#### PROBLEM:
Look below for the line with "몬포인트로 상품 뽑기를 해보세요." and the line with "4月23日下午,第十三届全国"; repeat exactly those two lines and all lines between them, but no pictures.
*** Opening of SUPPLIED INFORMATION ***
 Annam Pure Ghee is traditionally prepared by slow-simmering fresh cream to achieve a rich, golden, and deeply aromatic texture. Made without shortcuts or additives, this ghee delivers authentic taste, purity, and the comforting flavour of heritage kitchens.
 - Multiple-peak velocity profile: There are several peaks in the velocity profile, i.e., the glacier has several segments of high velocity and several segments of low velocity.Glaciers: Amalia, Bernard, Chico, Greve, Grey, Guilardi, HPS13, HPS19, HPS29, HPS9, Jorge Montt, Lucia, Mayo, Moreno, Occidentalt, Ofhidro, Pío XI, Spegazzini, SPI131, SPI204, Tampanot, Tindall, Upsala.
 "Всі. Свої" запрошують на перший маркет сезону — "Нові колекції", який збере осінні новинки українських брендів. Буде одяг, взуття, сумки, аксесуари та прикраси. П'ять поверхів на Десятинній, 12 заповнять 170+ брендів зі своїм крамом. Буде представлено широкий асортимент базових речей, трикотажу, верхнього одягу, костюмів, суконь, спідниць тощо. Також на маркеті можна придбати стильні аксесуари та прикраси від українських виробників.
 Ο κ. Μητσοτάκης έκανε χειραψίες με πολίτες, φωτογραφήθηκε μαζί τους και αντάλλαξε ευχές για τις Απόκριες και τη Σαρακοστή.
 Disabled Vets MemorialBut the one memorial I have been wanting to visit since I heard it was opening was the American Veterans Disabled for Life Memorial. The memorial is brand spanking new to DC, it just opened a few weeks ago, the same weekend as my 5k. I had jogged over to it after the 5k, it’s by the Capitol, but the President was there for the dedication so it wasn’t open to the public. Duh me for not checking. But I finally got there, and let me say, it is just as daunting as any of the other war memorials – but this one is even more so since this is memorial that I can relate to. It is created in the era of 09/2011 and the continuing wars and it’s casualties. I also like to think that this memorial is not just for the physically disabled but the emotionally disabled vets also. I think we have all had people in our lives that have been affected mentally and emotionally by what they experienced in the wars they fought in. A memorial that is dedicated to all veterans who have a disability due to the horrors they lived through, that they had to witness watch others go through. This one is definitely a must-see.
*** Close of SUPPLIED INFORMATION ***
*** Opening of SUPPLIED INFORMATION ***
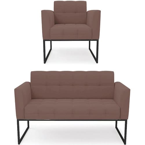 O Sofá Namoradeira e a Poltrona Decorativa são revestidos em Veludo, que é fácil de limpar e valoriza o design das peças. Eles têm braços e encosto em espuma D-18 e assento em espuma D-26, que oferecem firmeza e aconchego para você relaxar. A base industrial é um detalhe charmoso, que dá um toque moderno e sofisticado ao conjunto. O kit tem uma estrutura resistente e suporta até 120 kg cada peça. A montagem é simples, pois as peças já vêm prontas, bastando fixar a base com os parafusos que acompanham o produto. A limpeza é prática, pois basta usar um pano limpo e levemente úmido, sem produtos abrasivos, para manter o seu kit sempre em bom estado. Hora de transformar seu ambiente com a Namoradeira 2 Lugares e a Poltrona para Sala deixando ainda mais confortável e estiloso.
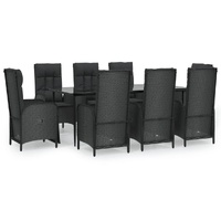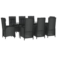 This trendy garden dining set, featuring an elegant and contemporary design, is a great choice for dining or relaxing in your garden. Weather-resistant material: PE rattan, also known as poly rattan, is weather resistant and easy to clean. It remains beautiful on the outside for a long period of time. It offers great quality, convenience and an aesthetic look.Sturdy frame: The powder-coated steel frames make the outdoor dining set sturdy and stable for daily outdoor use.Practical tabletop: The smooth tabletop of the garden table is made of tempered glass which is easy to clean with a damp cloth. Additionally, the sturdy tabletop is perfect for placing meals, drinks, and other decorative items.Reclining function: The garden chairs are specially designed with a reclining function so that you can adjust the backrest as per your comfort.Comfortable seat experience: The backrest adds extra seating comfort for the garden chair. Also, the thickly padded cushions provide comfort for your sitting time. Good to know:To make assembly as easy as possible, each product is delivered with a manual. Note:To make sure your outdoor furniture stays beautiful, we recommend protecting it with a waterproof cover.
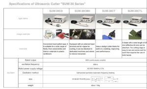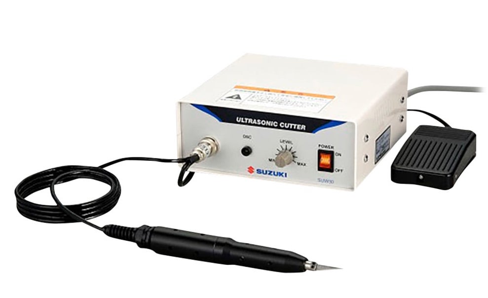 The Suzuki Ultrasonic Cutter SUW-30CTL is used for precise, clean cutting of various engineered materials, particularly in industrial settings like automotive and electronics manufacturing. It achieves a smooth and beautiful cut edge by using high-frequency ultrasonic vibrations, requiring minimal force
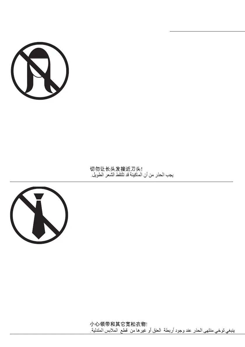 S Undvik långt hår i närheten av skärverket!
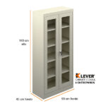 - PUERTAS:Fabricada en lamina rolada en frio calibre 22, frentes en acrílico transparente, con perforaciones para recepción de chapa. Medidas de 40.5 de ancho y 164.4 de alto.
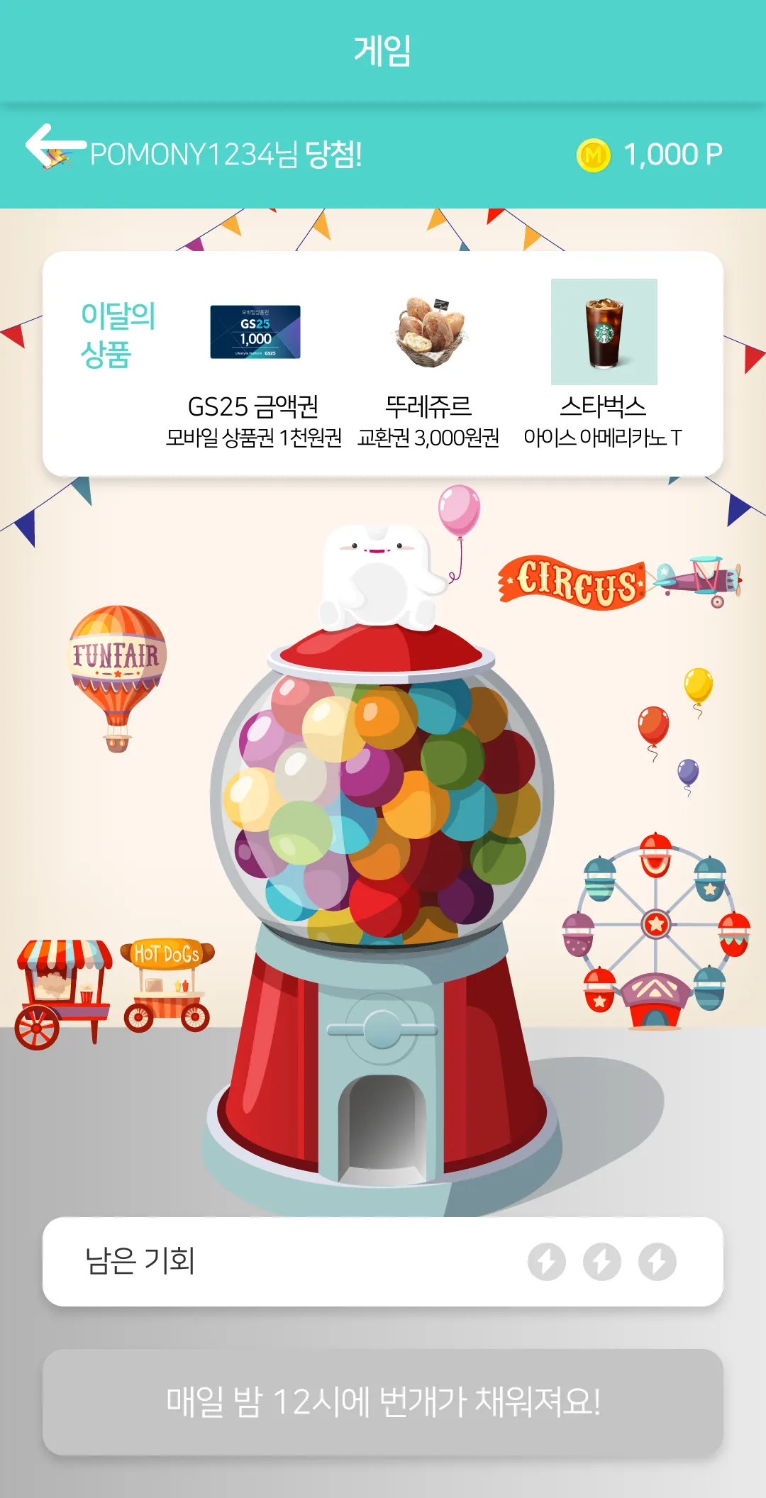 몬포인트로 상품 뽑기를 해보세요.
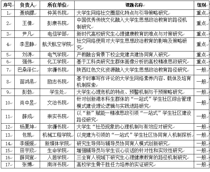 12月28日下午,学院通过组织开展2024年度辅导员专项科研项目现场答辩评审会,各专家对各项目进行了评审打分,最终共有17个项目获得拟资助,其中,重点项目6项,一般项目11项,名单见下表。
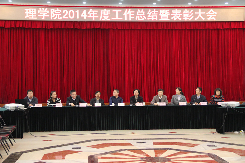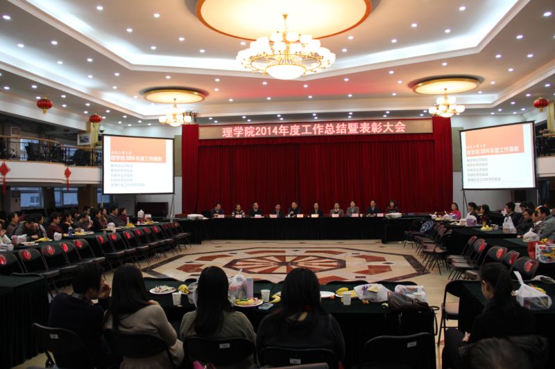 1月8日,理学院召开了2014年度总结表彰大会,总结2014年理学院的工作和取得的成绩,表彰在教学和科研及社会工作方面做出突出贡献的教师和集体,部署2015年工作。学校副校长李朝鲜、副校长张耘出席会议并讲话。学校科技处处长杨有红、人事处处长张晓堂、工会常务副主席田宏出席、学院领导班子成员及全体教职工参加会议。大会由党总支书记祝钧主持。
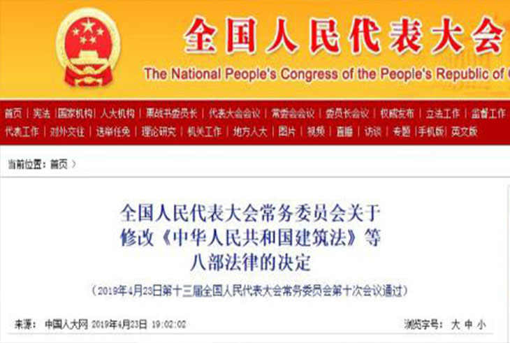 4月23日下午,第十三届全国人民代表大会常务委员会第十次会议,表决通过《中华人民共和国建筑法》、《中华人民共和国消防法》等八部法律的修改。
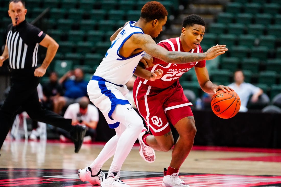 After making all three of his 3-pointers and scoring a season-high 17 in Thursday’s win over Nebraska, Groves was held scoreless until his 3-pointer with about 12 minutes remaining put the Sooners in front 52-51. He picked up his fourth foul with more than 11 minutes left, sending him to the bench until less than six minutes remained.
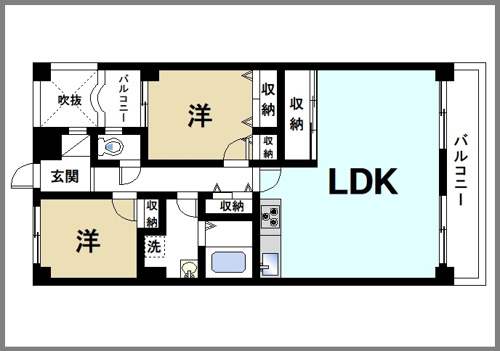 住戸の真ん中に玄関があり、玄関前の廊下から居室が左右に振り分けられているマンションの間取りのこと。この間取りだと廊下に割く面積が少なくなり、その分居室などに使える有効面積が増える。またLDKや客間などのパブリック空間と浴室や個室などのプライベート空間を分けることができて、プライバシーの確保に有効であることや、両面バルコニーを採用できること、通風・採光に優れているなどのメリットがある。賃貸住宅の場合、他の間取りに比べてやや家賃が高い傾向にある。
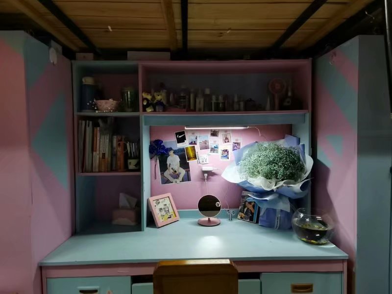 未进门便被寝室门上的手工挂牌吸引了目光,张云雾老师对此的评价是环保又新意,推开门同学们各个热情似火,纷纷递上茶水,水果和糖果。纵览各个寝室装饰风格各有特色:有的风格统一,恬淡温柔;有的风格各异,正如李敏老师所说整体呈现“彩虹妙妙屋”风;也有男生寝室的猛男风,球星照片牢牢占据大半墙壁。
*** Close of SUPPLIED INFORMATION ***
#### ANSWER AREA:
 몬포인트로 상품 뽑기를 해보세요.
 12月28日下午,学院通过组织开展2024年度辅导员专项科研项目现场答辩评审会,各专家对各项目进行了评审打分,最终共有17个项目获得拟资助,其中,重点项目6项,一般项目11项,名单见下表。
 1月8日,理学院召开了2014年度总结表彰大会,总结2014年理学院的工作和取得的成绩,表彰在教学和科研及社会工作方面做出突出贡献的教师和集体,部署2015年工作。学校副校长李朝鲜、副校长张耘出席会议并讲话。学校科技处处长杨有红、人事处处长张晓堂、工会常务副主席田宏出席、学院领导班子成员及全体教职工参加会议。大会由党总支书记祝钧主持。
 4月23日下午,第十三届全国人民代表大会常务委员会第十次会议,表决通过《中华人民共和国建筑法》、《中华人民共和国消防法》等八部法律的修改。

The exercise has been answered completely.